Tag-Archive for » Society and Culture «

Friday, May 08th, 2009 | Author: Moody

Woke up around 6:50 in the AM to make sure our boy made it to the bus on time. Fixed some instant coffee (-like substance) and sat in bed reading Infinite Jest for awhile. I read before work every morning, which is usually the only time I get to actually sit and read anything not on a screen, so I figured I might as well do so this morning even without having to go to work. I’m almost done with the book; I’m into the 800s. After I read, I took my now-cool-enough-to-drink coffee outside to the balcony with me and I sat in the plastic chair with the metal legs and sipped from my Dia de los Muertos mug while having a smoke. The sky this morning is default daylight blue. No clouds. The promise of a hot day feels obvious. Like, there’s no need for an explicit promise; anyone from the neighbors to the bees could tell you it’s going to be hot today.

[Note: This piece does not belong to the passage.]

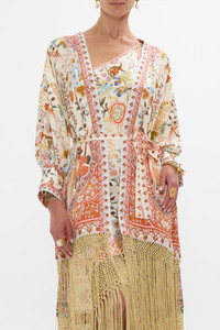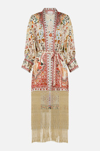 The In Honour Of Heirlooms High Low Hem Layer With Cuff depicts an intricate world of traditional lotuses, floral and arabesque motifs in soft pinks, neutrals and reds. This luxury CAMILLA silk kimono layer features a relaxed fit throughout the body with an open neckline and generously relaxed blouson sleeves echo effortless wearability for lavish layering. Explore more from the House Of The Sun collection. - Lovingly Handcrafted - Designed in Australia - CAMILLA Ready-To-Wear - Crystal embellishment - Midi length - Blouson sleeve with fitted cuff - Macrame fringing at hem - Drop shoulder seams - Waist tie - Luxury outer wear SKU 00029716-INHNRHRL-XS Size and Fit Our model wears a CAMILLA S and is 5'10 (178cm) tall. Her standard dress size is an AU 10. She has a 32in (83cm) bust, 35in (89.5cm) hips and a 25in (66cm) waist. Camilla S = AU10 / UK10 / US6 Designed as a relaxed fit take your normal size Fabric and Care 100% SILK

Sitting here now, the laptop is warm on my bare legs. A readout in the Menu Bar tells me the CPU is 131°F presently (actually, this temp keeps going up and down a degree or two by the minute).

I’ve not yet dived into the morning’s email. I subscribe to a few science-oriented emails via Google Alerts and ScienceBlogs and the AAAS, and every day I get at least six updates. Sometimes there’s nothing that really grabs me, or something grabs me but is over my head and I can’t therefore really get into what it’s saying even if the headline is intriguing. I wish I could be back at school, studying science and grokking even the nuances, but it’s like they say: if wishes were food, no one would go hungry.

So the reality is that my paycheck went to rent and fuel and necessities, and there’s less than $40 left to last from now until the mid-month paycheck. I’m not even considering the fact that, thanks to an untimely annual fee I didn’t see coming, I’m overdrawn in my secondary account. I console myself with the fact that at least I still have a job. My thoughts go out to those who have lost theirs, or who are still hanging on—after months, now—to some paltry unemployment check while they try to find work like the end of one particular thread in a ginormous bale of knotted strings. I don’t know what we’d do if I lost my job. As precariously perched as we are on the fence between emergent poverty on one side and safety on the other, the idea of being out of work is harrowing and stomach churning. Which is not to say that I am unaware that I am still living better than most people in the world, or that it is not without irony that I am sitting here with a MacBook and writing this post for my personal blog while science-oriented emails sit in my in-box as my partner of eight years sleeps beside me and our boy attends to schoolwork at his school. I mean, I may be worried about putting gas in it, but I have a decent car sitting out there.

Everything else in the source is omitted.